Finally, it must be taken into account that any contextual information such as path taken, relation between variables, unfeasible paths, hardware state (cache, buffers, branch predictors, etc.) is problematic in WCET analysis, and it usually implies overestimating the WCET. This is also the main limitation of structure-based methods. Such contextual information depends on the hardware to analyze. For instance, this limitation discourages from using Lock-MS on conventional caches, since the contextual information for such systems is the whole cache state. Nevertheless, Lock-MS can incorporate the contextual information required for other hardware such as a locked cache plus line-buffer (single-line conventional instruction cache) [13], an instruction prefetch buffer implementing a next-line tagged prefetch policy [15], and the predictable data cache ACDC [16, 17]. The context for an accurate analysis of such hardware is smaller, and it can be integrated into the structure-based model along with the CFG. However, no algorithm to transform the CFG into a tree structure (required for any structure-based method) has been proposed [13, 23].

CFG to tree transformation

Our first contribution is an algorithm for efficiently translating the CFG information into a tree structure. First, loops and functions other than the main program are substituted by virtual nodes (basic blocks) in the CFG. Then, they are processed as independent sub-CFGs to be transformed into independent trees. For the main CFG and each one of the sub-CFGs, Algorithm 1 is applied recursively from the starting node in the corresponding CFG and an empty starting path (Explore(start,∅)). This algorithm performs a recursive in-depth search that builds the trees associated to each CFG and generates their corresponding ILP constraints, according to the Lock-MS model. Essentially, each tree is composed of a conditional node plus all its alternative paths until reaching another conditional node. Algorithm 1 works as follows. Lines 1 and 2 address the ending nodes of a CFG, returning just the ongoing path plus the current (ending) node and completing the exploration of such path. In lines 3 and 4, corresponding to a node with a single child, the exploration just goes deeper by following this single child in the path. Lines 5 and 6 correspond to the exploration of a conditional node (more than one child) already explored. Since it is already explored, its corresponding processing and constraint generation have already been performed, so further exploration of this node is not required. Finally, lines 7 to 13 describe how to proceed when the current node is a conditional node that has not yet been explored. In such case, a new tree is generated, with the current node as its root. Each child of the current node is explored to form the branches (alternative paths) of this root (lines 8 and 9). Then, each branch is processed, and the corresponding ILP constraints (explained below) are set (line 10).
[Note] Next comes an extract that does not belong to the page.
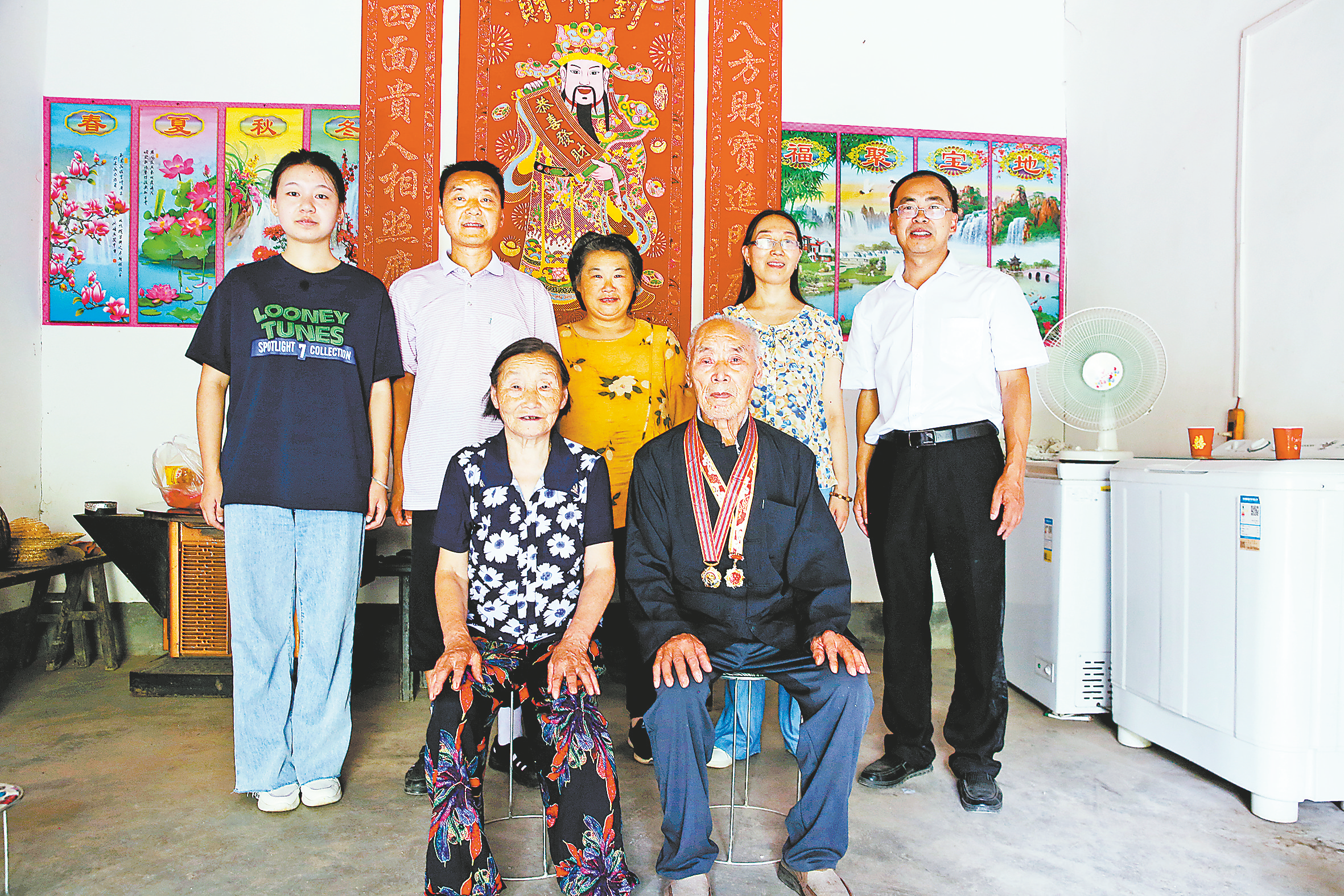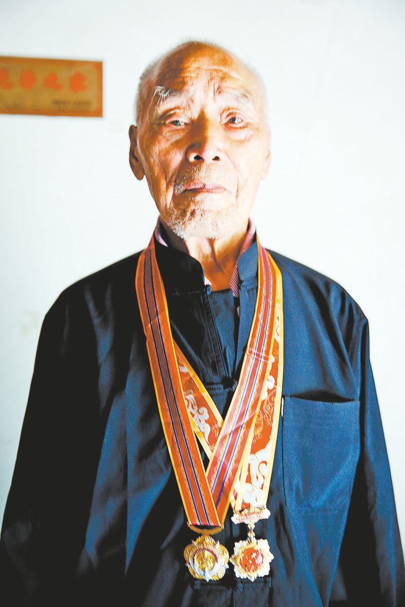謝吉安近照。胸前佩戴的兩枚紀念章,一枚是慶祝中華人民共和國成立70周年紀念章,一枚是中國人民志愿軍抗美援朝出國作戰(zhàn)70周年紀念章。

Finally, the current node is set as explored, returning the path until this node (lines 12 and 13). It must be taken into account that the entry node of a loop is not considered as a child of the nodes with the back edges.

Algorithm 1 Explore(currCFGnode, currPath)
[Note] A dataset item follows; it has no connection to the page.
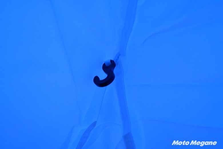入り口は二重になっていて、内側がメッシュになっています。外側はフルオープンした状態でフックに掛けることが可能です。

1: if |children(currCFGnode)| = 0 then        # no more nodes in path

2:  return currPath + currCFGnode

3: else if |children(currCFGnode)| = 1 then     # single child: expand path

4:  return Explore(child(currCFGnode), currPath + currCFGnode)

5: else if |children(currCFGnode)| > 1 and explored[currCFGnode] then

6:  return currPath + currCFGnode      # already explored conditional

7: else         #unexplored conditional (|children(currCFGnode)| > 1)

8:  for all childNode ∈ children(currCFGnode) do    #process each alternative path

9:   alternativePath ← Explore(childNode, currCFGnode)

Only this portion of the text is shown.